Legislators at Public Affairs Roundtable

Discussing state issues at the March Public Affairs Roundtable were (from left) Reps. Jeremy Durham, Glen Casada and Charles Sargent.

Williamson County’s four state legislators discussed transportation, de-annexation, jobs and the gas tax during the March Public Affairs Roundtable hosted today by the Williamson County Chamber and moderated by Dave Crouch, chamber government affairs chair.

Sen. Jack Johnson, 23rd District, mentioned a law Davidson County passed recently that requires anybody hired to do business with the county must reside in the county. Because that decision affects businesses in the rest of the state, “we are working on an initiative to overturn that,” Johnson said.

Legislators are also looking at ways to regulate Internet businesses such as Uber and Airbnb, so “they play by the same rules,” while maintaining a pro-business state status.

Along that line, according to Johnson, a motion for a state mandated minimum wage “won’t get a second.”

The market should decide what the minimum wage should be.

“A minimum wage is a job killer,” Johnson said.

Piggy-backing on the rising concern about illegal immigration, legislators are discussing a bill to increase the penalty on businesses that knowingly employ illegal immigrants. The new penalty would have a business license pulled for 90 days for knowingly employing illegal immigrants.

Currently, if a business is caught knowingly hiring illegal immigrants and promises not to do it again, nothing happens, said 65th District Rep. Jeremy Durham.

“It’s important we evaluate the current law and make sure it has the teeth to enforce the law,” Durham said. “I’m willing to work with the business community. … I want to make sure this is fair to everybody.”

Crouch read a statement from the Williamson County Chamber declaring its opposition to the bill.

“The chamber declares this an anti-business bill and is not a bill the chamber supports,” Crouch said.

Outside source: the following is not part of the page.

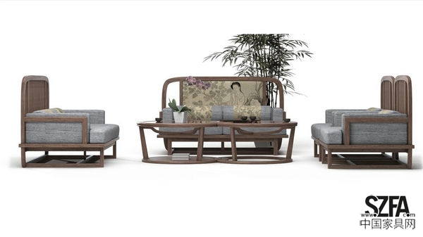取形自“靠山面水”,中華傳統(tǒng)的家居觀念。沙發(fā)形態(tài)內(nèi)斂,方圓兼得。茶幾相生相依,似水漣漪。沙發(fā)和茶幾相搭,順風(fēng)順?biāo)蛔缘谩?/p>

Funds for the Department of Transportation are derived from the gas tax. More fuel-efficient vehicles, electric vehicles and a call for funds to be used for non-motorized transportation projects such as sidewalks and walking and bicycle trails are putting a strain on road funds, said Johnson.

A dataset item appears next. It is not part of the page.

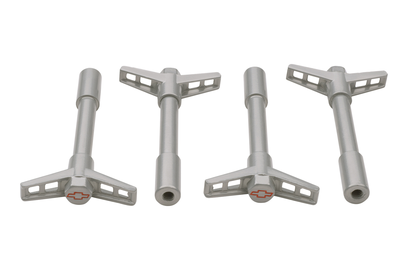 Premium Chrome Wing Nuts. Chevrolet Bowtie Emblem is cut sharply into the top of each wing nut. The lower ends of the shafts are manufactured with wide shoulders for broad load distribution, and each wing nut is supplied with a separate stud which permits precise gasket positioning on the head prior to mounting the valve covers. Fits Chevrolet small and big block, and V6. 1/4in x 20 thread. Officially Licensed Chevrolet Performance Product. Sold as set of 4.

Then there’s the $261 million of transportation funds “borrowed” by a former governor several years ago for the state general fund and the withholding of federal funding during the past five years all creating major setbacks for new projects like the Mack Hatcher extension. It also opened a serious discussion on raising the gas tax and finding more efficient ways of using of the money.

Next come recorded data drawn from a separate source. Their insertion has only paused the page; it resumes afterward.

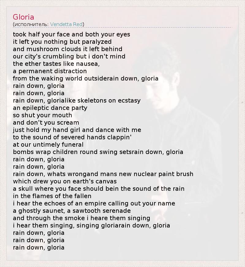 took half your face and both your eyes it left you nothing but paralyzed and mushroom clouds it left behind our city's crumbling but i don't mind the ether tastes like nausea, a permanent distraction from the waking world outsiderain down, gloria rain down, gloria rain down, gloria rain down, glorialike skeletons on ecstasy an epileptic dance party so shut your mouth and don't you scream just hold my hand girl and dance with me to the sound of severed hands clappin' at our untimely funeral bombs wrap children round swing setsrain down, gloria rain down, gloria rain down, gloria rain down, whats wrongand mans new nuclear paint brush which drew you on earth's canvas a skull where you face should bein the sound of the rain in the flames of the fallen i hear the echoes of an empire calling out your name a ghostly saunet, a sawtooth serenade and through the smoke i heare them singing i hear them singing, singing gloriarain down, gloria rain down, gloria rain down, gloria rain down, gloria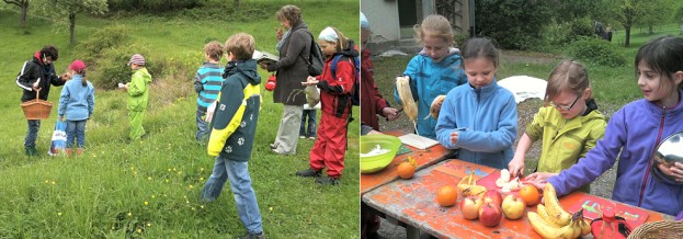 Zunächst putzten die Jungen und Mädchen die gesammelten Brennnesseln, dann schnitten sie sie klein und steckten sie zusammen mit Äpfeln, Orangen, Kiwis, Bananen und Johannisbeeren in einen Mixer, der die Zutaten zu einem gesunden und leckeren Getränk pürierte. Dank der großzügigen Spende von Joachim Braunsberger, Inhaber des Naturkostladens "biobio" in Eberbach, war die Waldbande mit leckeren und zahlreichen Bio-Obstsorten bestens ausgestattet. Mit der Zeit und ein bisschen Übung probierten die Kinder die unterschiedlichsten Brennnessel-Variationen aus. Ein frischer Brennnessel-Tee für zwischendurch durfte natürlich nicht fehlen. Als Krönung kreierte jedes Kind sein eigenes „Brennnessel-Smoothie-Rezept“. Gebunden wird diese Rezeptsammlung der Wettbewerbs-Beitrag für den "Erlebten Frühling", dessen Einsendeschluss der 24. Mai ist.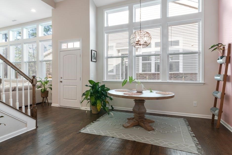 Beyond visual appeal‚ the rug’s size impacts the perceived spaciousness of the entryway. A larger rug can define the area‚ making it feel more intentional and grounded‚ particularly in open-plan layouts. Braided-Rugs.com suggests considering how the rug complements furniture and flow‚ contributing to a cohesive and inviting entrance.

People who walk or ride bikes aren’t paying the gas tax, so bills are being introduced to limit use of the gas tax specifically for roads used by motorized vehicles, Johnson said.

“If people are paying the gas tax for roads, it should be for roads,” he said.

Within the next few months, TDOT will receive federal funds of between $700 million and $800 million. The funds, which were recently released by the federal government for road construction, are from matching funds and projects completed under budget. Some of that money does have strings attached regarding sidewalks and trails.

The House Way and Means Committee has almost completed budget hearings and will soon begin drawing up the final budget, said Rep. Charles Sargent, 61st District.

This year the legislature is making an effort to return half of the $261 million with the other half coming in next year’s budget, he added.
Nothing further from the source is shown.